E-learning recommender system dataset

Data Brief. 2023 Feb 1:47:108942. doi: 10.1016/j.dib.2023.108942. eCollection 2023 Apr.

Abstract

Mandarine Academy is an Ed-Tech company that specializes in innovative corporate training techniques such as personalized Massive Open Online Courses (MOOCs), web conferences, etc. With more than 550K users spread across 100 active e-learning platforms. The company creates online pedagogical content (videos, quizzes, documents, etc.) on daily basis to support the digitization of work environments and to keep up with current trends. Mandarine Academy provided us with access to Mooc.office365-training.com. A publicly available MOOC in both French and English versions to conduct research on recommender systems in online learning environments. Mandarine Academy collects user feedback using two types of ratings: Explicit (Like Button, Social share, Bookmarks), and Implicit (Watch Time, Page View). Unfortunately, explicit ratings are underutilized. Most users avoid the burden of stating their preferences explicitly. To address this, we shift our attention to implicit interactions, which generate more data that can be significant in some cases. Implicit Ratings are what constitute Mandarine Academy Recommender System (MARS) Dataset. We believe that the degree of viewing has an impact on the overall impression, for this reason, we applied changes to the implicit data and made a part of it similar to the explicit rating format found in other known datasets (e.g., Movielens).
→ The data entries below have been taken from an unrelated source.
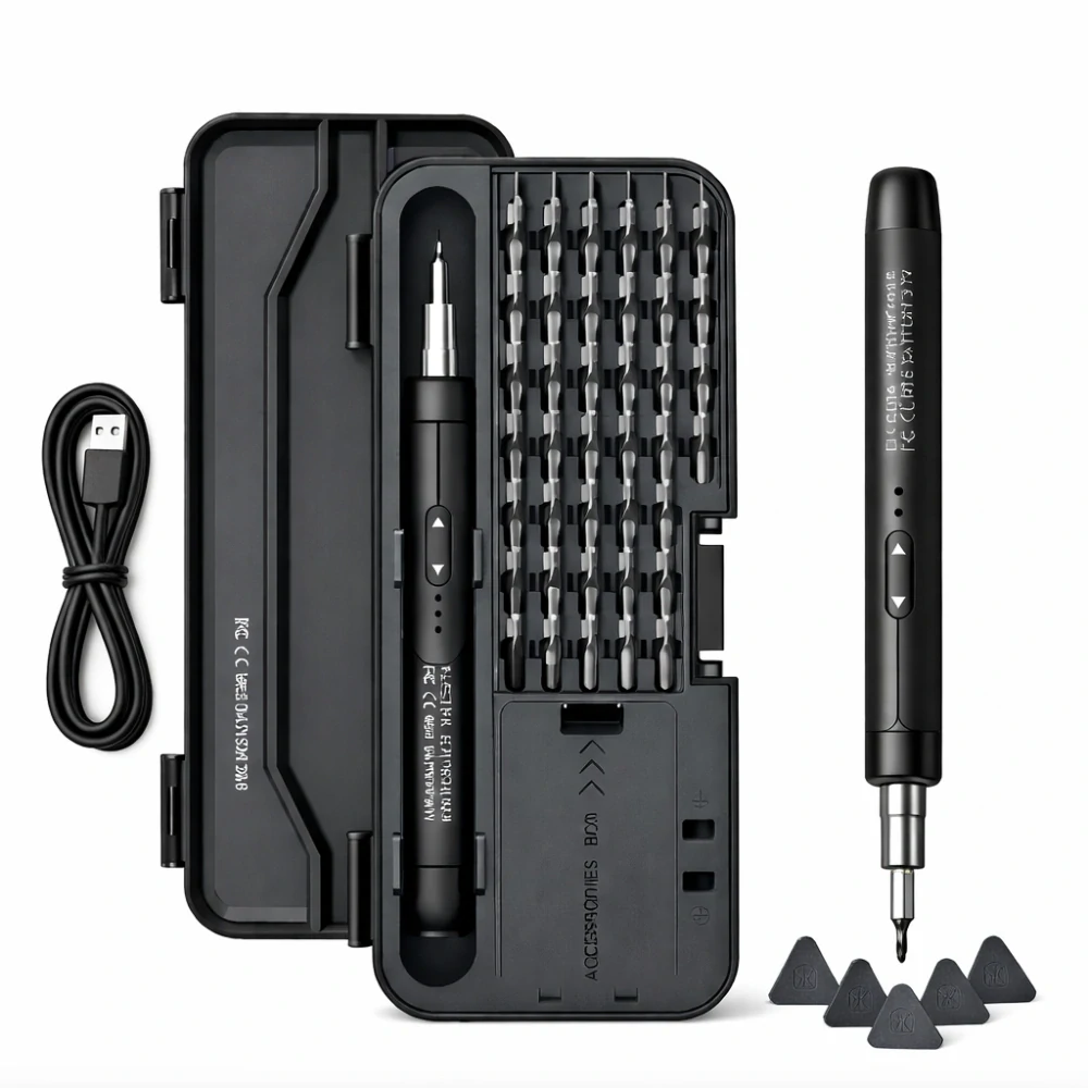 Obsah balení: 1x elektrický šroubovák Nakida, 38x precizní bit, 6x otevírací trsátko, 1x USB-C nabíjecí kabel, 1x úložný box s magnetizérem.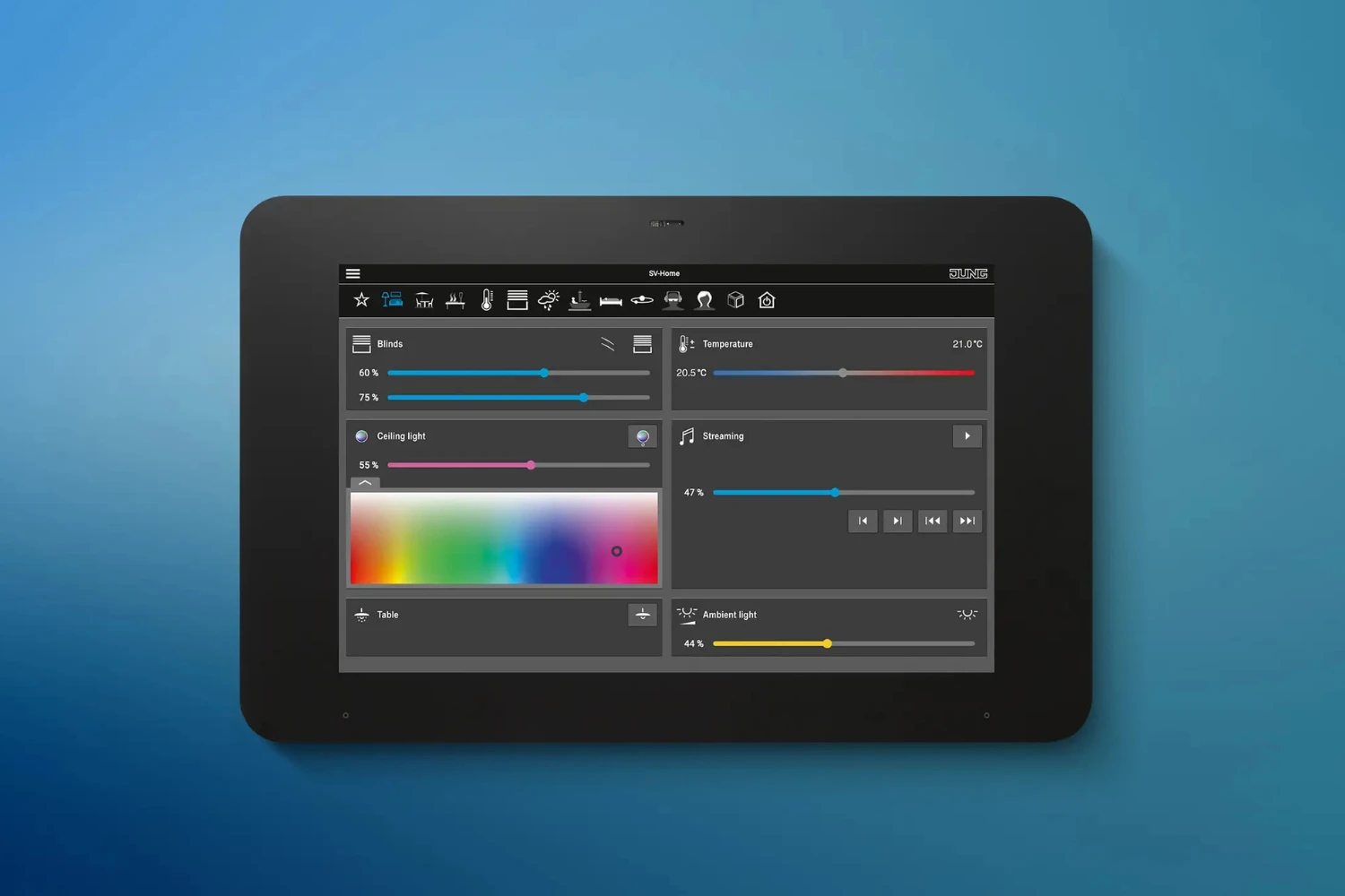 Панель поддерживает те же серверные решения, что и Smart Control 8 — Visu Pro, Smart Visu Server, eNet SMART HOME и Siedle Smart Gateway. Таким образом, она может использоваться как для KNX-установок, так и для беспроводных систем eNet. Интерфейс интуитивен и повторяет структуру старших моделей, обеспечивая единое пользовательское ощущение во всех помещениях.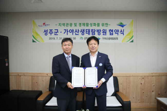 성주군(군수 이병환)과 가야산생태탐방원(원장 신유근)은 7월 31일관광협약을 맺고 MICE 회의 유치 등 지역 관광 및 경제 활성화에 박차를 가한다. ※ 마이스(MICE) : 회의(Meeting), 포상 관광(Incentives), 컨벤션(Convention), 전시회(Exhibition)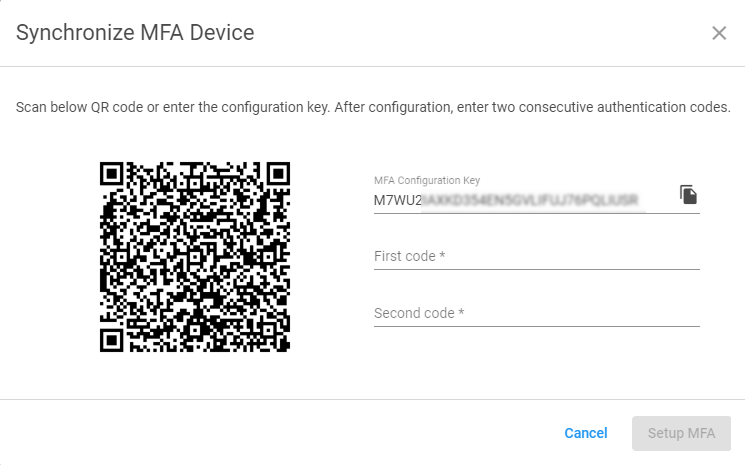 - Scroll down and click Setup MFA. The Synchronize MFA Device dialog box opens.

This paper presents two real-world dataset variations that consist of 89,000 explicit ratings and 276,000 implicit ratings. Data was collected starting early 2016 until late 2021. Chosen users had rated at least one item. To protect their privacy, sensitive information has been removed. To the best of our knowledge, this is the first publicly available real-world dataset of E-Learning recommendations in both French and English with mixed ratings (implicit and explicit), allowing the research community to focus on pre-and post-COVID-19 behavior in online learning.

Keywords: Collaborative filtering; E-Learning; Explicit ratings; Implicit ratings; MOOC; Recommender systems.